Space Fence to Keep an Eye on the Sky
Lockheed Martin submits proposal to enhance Air Force’s identification, tracking of space debris
Since 1957, more than 50 countries have sent more than 6,500 satellites into space. Today, only approximately 560 of them remain operational.
What happened to the rest? Many have fallen out of orbit and disintegrated, while others remain circling the earth, along with spent rockets, collision fragments and even an astronaut space walker’s toolbox. The U.S. Air Force Space Surveillance System (AFSSS) currently collects more than 5 million satellite detections, or observations, each month on objects larger than a basketball orbiting the planet.
Originally installed in 1961, the AFSSS requires replacement, and the Air Force issued a request for proposal for its new Space Fence program that will improve the way it identifies and tracks orbiting objects. Lockheed Martin submitted its Space Fence proposal to the Air Force on Nov. 13.
“The original AFSSS wasn’t designed to detect and track the hundreds of thousands of smaller, high-speed, orbiting objects that are in space today, each potentially threatening the International Space Station, future manned space flight missions and our nation’s other satellite assets,” said Steve Bruce, Lockheed Martin’s vice president for space surveillance systems programs. “With decades of experience developing powerful S-band radar systems, Lockheed Martin has proposed a scalable and affordable Space Fence solution to the Air Force that will transform their definition of space situational awareness.”
Utilizing powerful, new ground-based S-band radar technology, Space Fence will enable the U.S. Air Force to detect, track, measure and catalog orbiting objects and space debris with improved accuracy, better timeliness and increased surveillance coverage.

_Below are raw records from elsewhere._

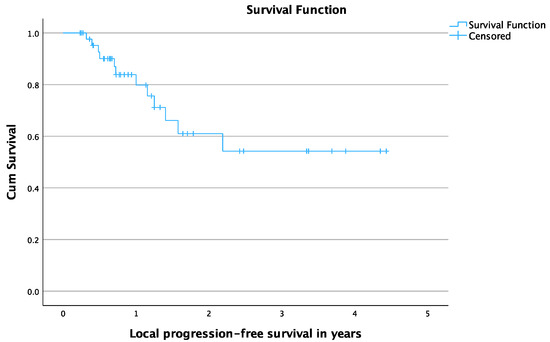 Additionally, the mean overall PFS time was 2.5 years (95% CI: 1.8–3.2) and the mean local PFS time was 2.9 years (95% CI: 2.3–3.6). The 6- and 12-month overall PFS rates were 85.4% and 72.3%, respectively. The 6- and 12-month local PFS rates were 90% and 80%, respectively. Figure 3 and Figure 4 show the Kaplan-Meier curves of overall PFS and local PFS, respectively. A summary of the patients’ outcome can be seen in Table 3.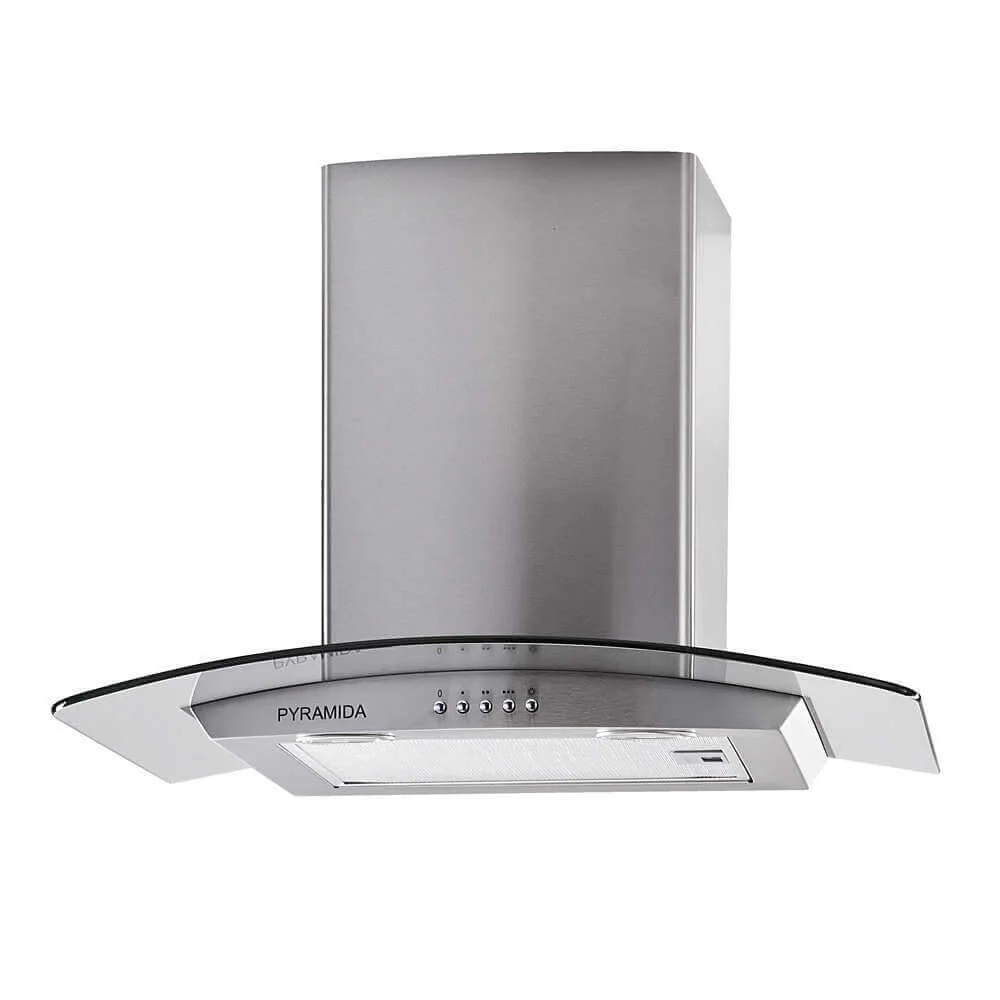 Кухонна витяжка Pyramida КR 60, виконана у пристінному Т-подібному форм-факторі, ефективно очищає повітря від випарів та запахів, що виникають під час приготування їжі. Її конструкція поєднує нержавіючу сталь та вигнуте загартоване скло, що надає моделі сучасного вигляду та забезпечує довговічність. Завдяки ширині 60 см, вона оптимально підходить для стандартних варильних поверхонь.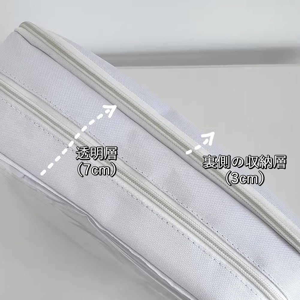 【外観】四角痛バッグは片面の透明デザイン、内部に見せたいアイテムを好みにアレンジでき、水と塵からぬいぐるみなどを保護しくれます。二層は透明層や収納層のデザイン、ジッパー式、外側は透明層、裏側は収納層、お出かけに便利です。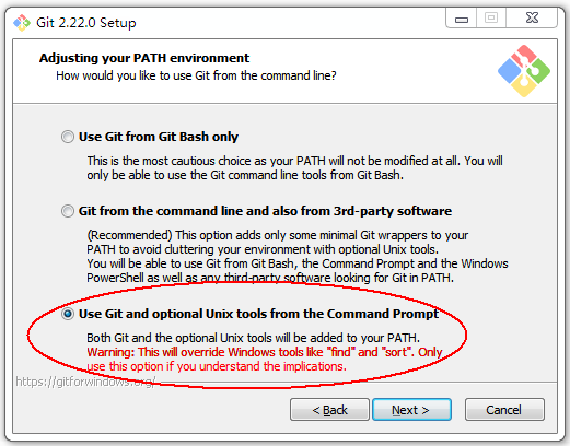 首先,安装 Git for Windows,安装过程中注意勾选 “Use Git and optional Unix tools from the Command Prompt“。

Using the experience gained by deploying more than 400 S-band radars worldwide, Lockheed Martin demonstrated a prototype Space Fence radar earlier this year capable of detecting resident space objects – the Air Force’s term for orbiting space debris and other objects. Lockheed Martin’s Space Fence team includes General Dynamics, AMEC and AT&T.
Construction of the Space Fence system is planned to start on Kwajalein Atoll in the Marshall Islands in the fall of 2013, with operations scheduled to begin in 2017.